# [Try it]
Nothing outside the stretch is wanted. Repeat exactly the lines of the listing below from the one that contains "8mmの極細ロングパイル生地" through the one that contains "Glazen drinkfles met", both ends included.

# [The records]

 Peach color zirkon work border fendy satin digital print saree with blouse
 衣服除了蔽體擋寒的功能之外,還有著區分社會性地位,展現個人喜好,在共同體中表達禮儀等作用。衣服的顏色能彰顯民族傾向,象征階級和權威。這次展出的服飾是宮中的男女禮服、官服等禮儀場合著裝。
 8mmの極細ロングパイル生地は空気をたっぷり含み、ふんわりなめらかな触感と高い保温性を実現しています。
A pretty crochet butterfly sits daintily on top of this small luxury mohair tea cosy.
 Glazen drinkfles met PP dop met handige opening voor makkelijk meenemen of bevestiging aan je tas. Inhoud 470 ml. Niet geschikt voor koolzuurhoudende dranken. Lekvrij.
...
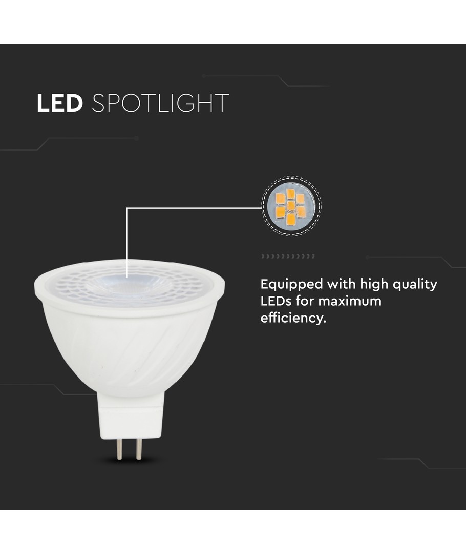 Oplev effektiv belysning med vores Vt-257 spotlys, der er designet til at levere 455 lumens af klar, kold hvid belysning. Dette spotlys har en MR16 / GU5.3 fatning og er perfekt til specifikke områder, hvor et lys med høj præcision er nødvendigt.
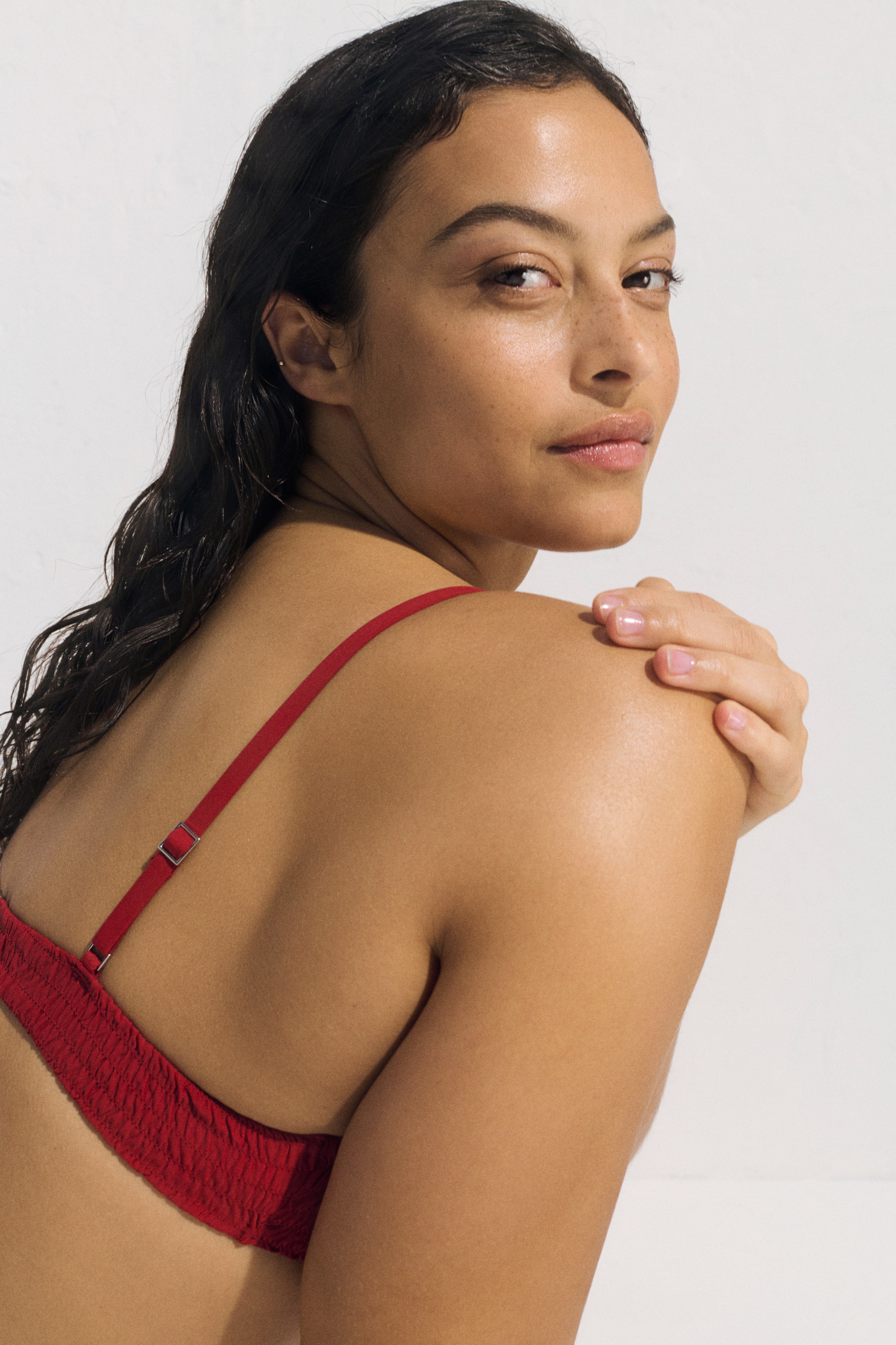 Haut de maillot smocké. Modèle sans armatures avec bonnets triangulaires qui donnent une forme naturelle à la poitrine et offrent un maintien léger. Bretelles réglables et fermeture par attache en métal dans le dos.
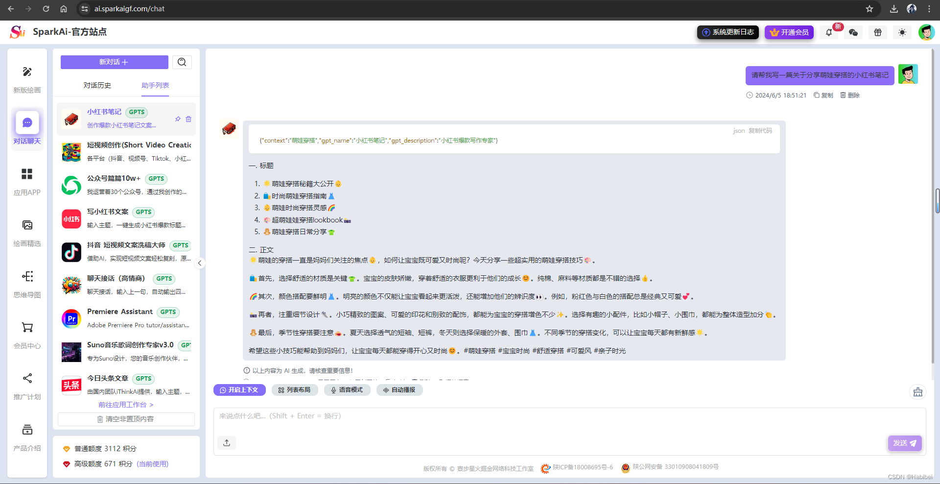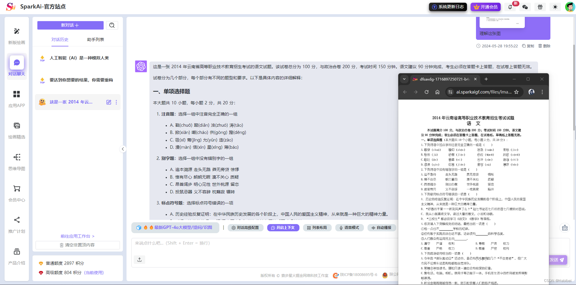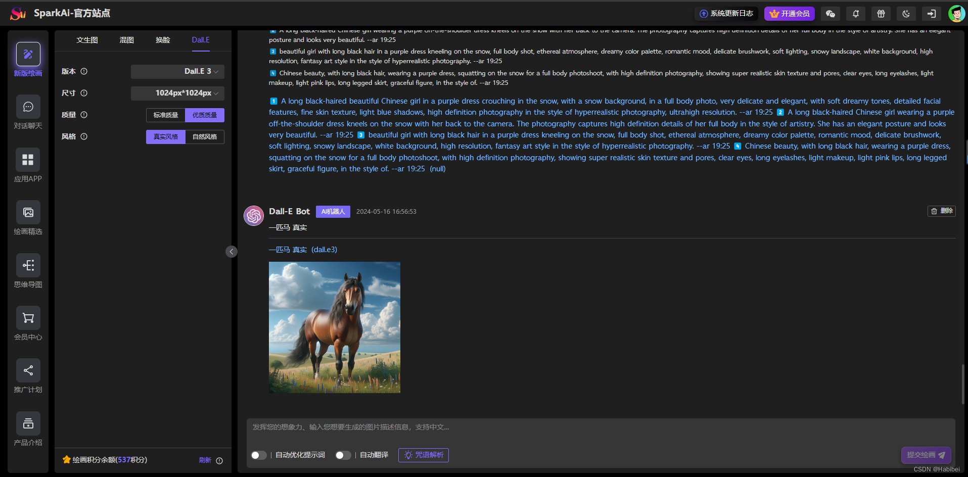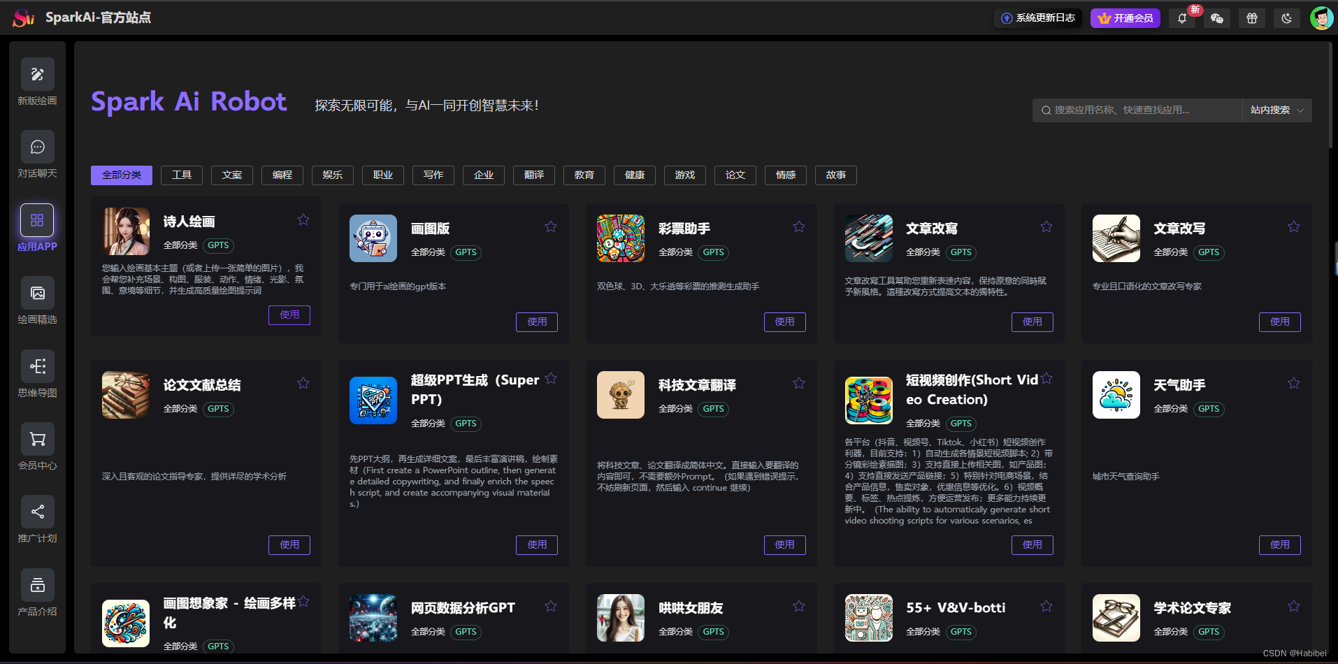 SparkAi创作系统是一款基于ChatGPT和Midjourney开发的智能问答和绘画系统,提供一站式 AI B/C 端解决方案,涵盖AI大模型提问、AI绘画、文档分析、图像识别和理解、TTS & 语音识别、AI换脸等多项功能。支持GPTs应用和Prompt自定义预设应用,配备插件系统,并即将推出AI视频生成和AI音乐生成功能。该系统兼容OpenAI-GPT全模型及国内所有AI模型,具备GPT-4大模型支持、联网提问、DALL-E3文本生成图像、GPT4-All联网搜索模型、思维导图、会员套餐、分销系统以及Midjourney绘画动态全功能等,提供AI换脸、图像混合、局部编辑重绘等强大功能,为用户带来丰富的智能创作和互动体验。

# [Exercise result]
 8mmの極細ロングパイル生地は空気をたっぷり含み、ふんわりなめらかな触感と高い保温性を実現しています。
A pretty crochet butterfly sits daintily on top of this small luxury mohair tea cosy.
 Glazen drinkfles met PP dop met handige opening voor makkelijk meenemen of bevestiging aan je tas. Inhoud 470 ml. Niet geschikt voor koolzuurhoudende dranken. Lekvrij.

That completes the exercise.